The most common use case is to fuzz user-space programs, but work has been done on fuzzing operating system kernels. Various Linux kernel fuzzers are available (such as Tavis Ormandy's iknowthis) but by far the most well-known is Dave Jones's Trinity (see this conference report and this discussion of memory-management fuzzing for more information on Trinity). There are likely other kernel fuzzers out there; undoubtedly security researchers have developed internal ones that are not publicly available. What separates the perf_fuzzer from other projects is that it investigates not the entire kernel interface, but only that of a single system call.
Motivation
So why write a perf_event-specific fuzzer? I have spent much time in the performance-analysis area of High Performance Computing, specifically the maintenance of the cross-platform PAPI (Performance API) performance measurement library. The sudden appearance of the perf_event interface in 2009 (of which I have been diplomatically reported as being "sometimes critical") led to major code changes in the PAPI project. As an outside project, PAPI has faced many compatibility issues and ABI breakage due to kernel changes, issues the kernel developers tend not to notice due to the primary consumer of the interface (the perf tool) being shipped in sync with the kernel tree.

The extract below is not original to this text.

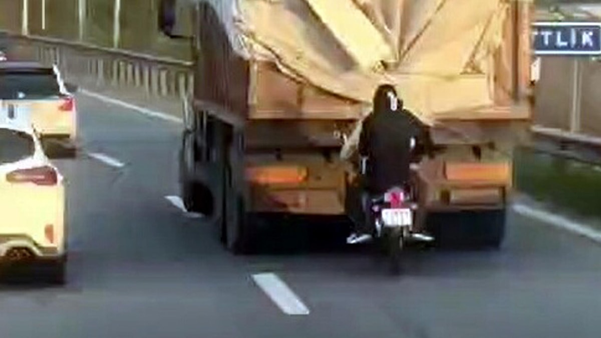 Aydın-Muğla kara yolunda arkasında yolcu ile giden kasksız motosiklet sürücüsü, bir eliyle önündeki kamyonunun kasasına tutundu, diğer eliyle de motosikleti kontrol edip ilerledi. Sürücünün tehlikeli yolculuğu, çevredekiler tarafından cep telefonuyla görüntülendi.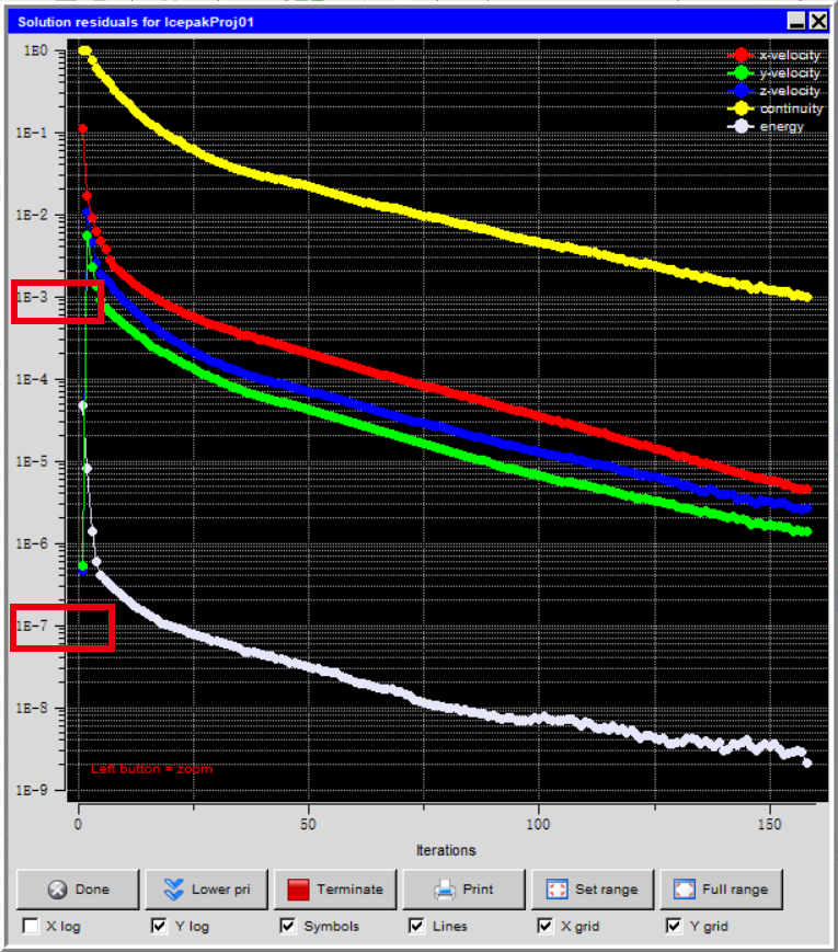 ③变量监控点。如果残差曲线显示求解已经收敛,但是监控点的变量仍有变化,进出口质量和热量不守恒,那么此情况表示求解计算尚未完全收敛,修改Basic settings中Flow和Energy的残差标准数值,继续计算,使其收敛。

The need to keep up with the high rate of changes in the perf_event interface led me to undertake many activities designed to understand the interface, including writing the perf_event_open(2) man page as well as creating a series of validation tests. While these tests continue to find bugs, they tend to be reactionary—added after the fact (and often too late to be fixed before the new behavior has become ABI).
As Trinity rose in visibility, I sent some basic patches to improve perf_event support, enough that it had a much higher chance of generating valid events. Those patches were there for a few years until suddenly they became famous in 2013 due to the release of a dangerous kernel exploit. After this wakeup call, I wondered what other issues might be lurking in the interface. This led to more improvements contributed to Trinity, followed by the development of a separate, system-call-specific fuzzer.
The perf_event interface
The perf_event interface is complex, mirroring the complicated nature of the underlying hardware performance interfaces. The primary entry point is the perf_event_open() system call, which takes five arguments. The first argument is a structure with over forty different parameters that interact in complex ways. The system call returns one file descriptor per event opened; these file descriptors can be manipulated by a number of other system calls:
- prctl() — can enable or disable all active events in a process
- ioctl() — is used to control events, including starting, stopping, and adjusting existing events
- read() — can be used to read event values
- mmap() — can be used to set up a primary and an auxiliary ring buffer capable of buffering event results
- poll() — can be used to wait until buffers need to be read
In addition to system calls, there are other ways to interact with the infrastructure. Some CPUs support reading event values from user space without entering the kernel (on x86 this is the rdpmc instruction). Events can be configured to send a signal on overflow after a pre-determined count or if an mmap() buffer is full. There are also a large number of files under the /sys and /proc filesystems that affect the interface.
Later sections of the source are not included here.